(Record extracts Opens)

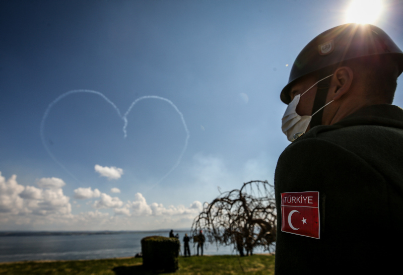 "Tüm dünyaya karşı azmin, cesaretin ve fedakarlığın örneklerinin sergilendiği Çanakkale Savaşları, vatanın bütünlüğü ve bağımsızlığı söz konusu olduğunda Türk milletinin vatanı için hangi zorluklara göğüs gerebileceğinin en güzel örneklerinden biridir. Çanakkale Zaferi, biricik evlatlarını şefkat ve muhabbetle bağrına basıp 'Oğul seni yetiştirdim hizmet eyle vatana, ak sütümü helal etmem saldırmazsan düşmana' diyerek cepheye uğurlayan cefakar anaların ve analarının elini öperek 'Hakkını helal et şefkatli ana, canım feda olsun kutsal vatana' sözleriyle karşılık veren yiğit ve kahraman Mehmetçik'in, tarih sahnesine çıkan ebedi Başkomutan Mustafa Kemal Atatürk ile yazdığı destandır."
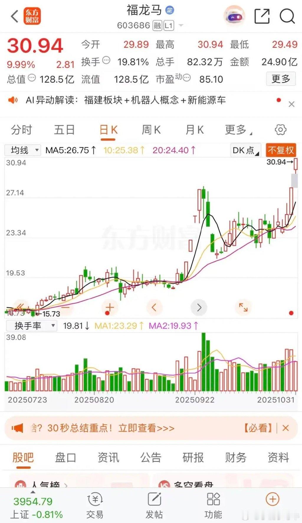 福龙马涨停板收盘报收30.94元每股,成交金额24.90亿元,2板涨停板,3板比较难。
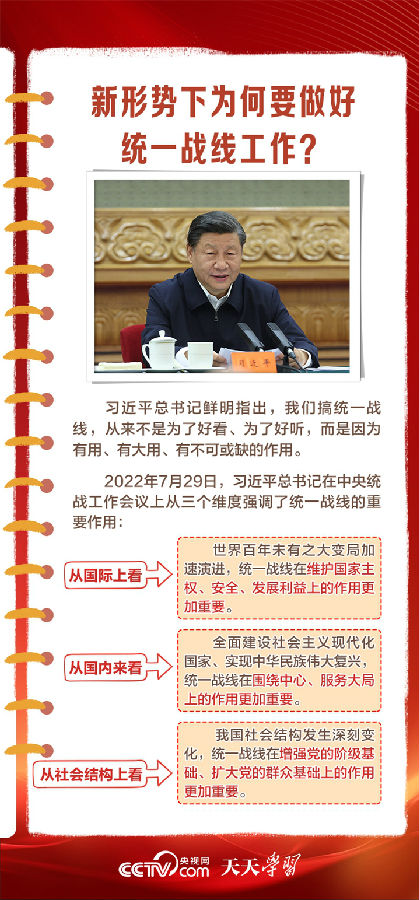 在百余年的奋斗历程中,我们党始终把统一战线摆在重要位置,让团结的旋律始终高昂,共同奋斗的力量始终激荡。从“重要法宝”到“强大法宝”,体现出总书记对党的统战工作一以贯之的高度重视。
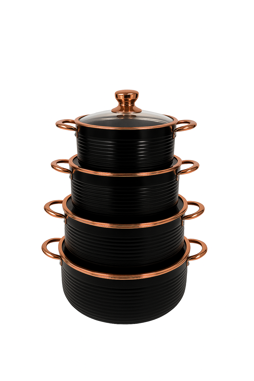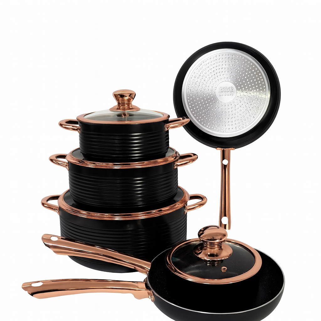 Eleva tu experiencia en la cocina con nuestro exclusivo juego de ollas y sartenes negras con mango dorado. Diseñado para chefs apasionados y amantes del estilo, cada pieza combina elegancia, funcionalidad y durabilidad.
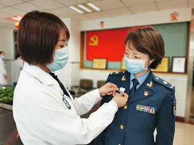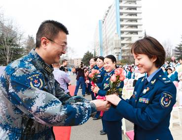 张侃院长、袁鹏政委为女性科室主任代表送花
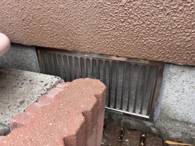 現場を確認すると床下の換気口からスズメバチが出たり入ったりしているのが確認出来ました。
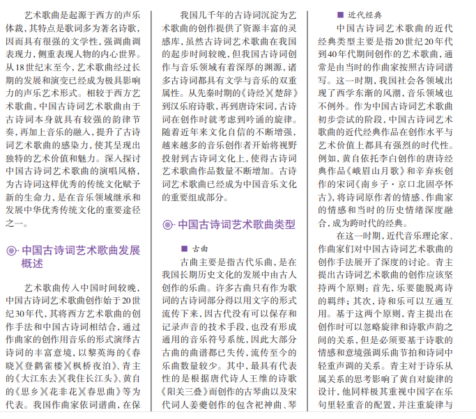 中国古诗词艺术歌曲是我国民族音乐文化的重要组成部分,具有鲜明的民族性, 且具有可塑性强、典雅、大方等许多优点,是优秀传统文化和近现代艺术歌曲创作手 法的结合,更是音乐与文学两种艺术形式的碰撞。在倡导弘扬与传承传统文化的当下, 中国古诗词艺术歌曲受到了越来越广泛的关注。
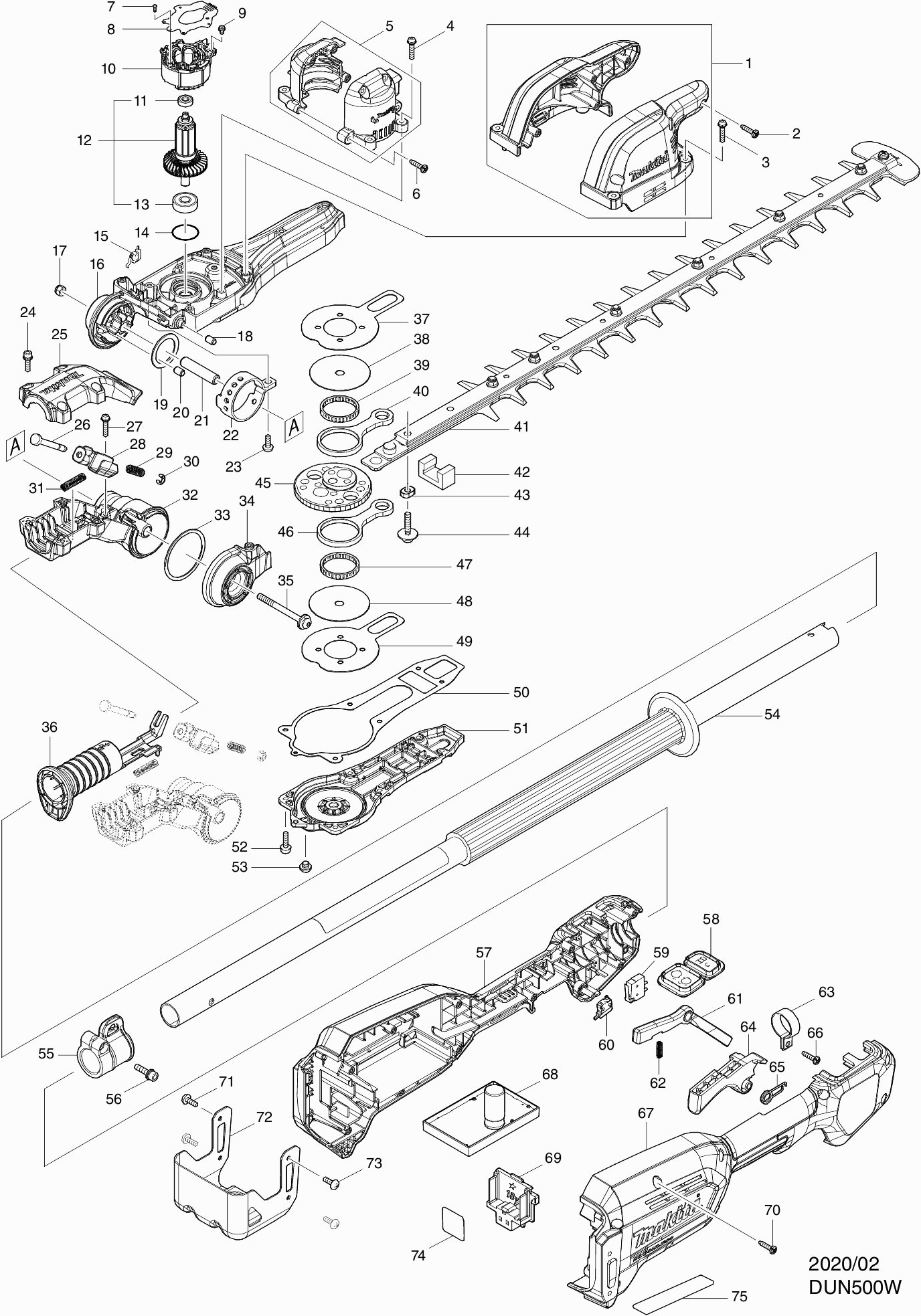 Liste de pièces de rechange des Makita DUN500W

(Record extracts Closes)

• Problem requirements:
The last line of the entries marks the end, and the line with "张侃院长、袁鹏政委为女性科室主任代表送花" marks the start. Output exactly those two lines and every line between them, nothing else, with the pictures left out.

• Answer section:
 张侃院长、袁鹏政委为女性科室主任代表送花
 現場を確認すると床下の換気口からスズメバチが出たり入ったりしているのが確認出来ました。
 中国古诗词艺术歌曲是我国民族音乐文化的重要组成部分,具有鲜明的民族性, 且具有可塑性强、典雅、大方等许多优点,是优秀传统文化和近现代艺术歌曲创作手 法的结合,更是音乐与文学两种艺术形式的碰撞。在倡导弘扬与传承传统文化的当下, 中国古诗词艺术歌曲受到了越来越广泛的关注。
 Liste de pièces de rechange des Makita DUN500W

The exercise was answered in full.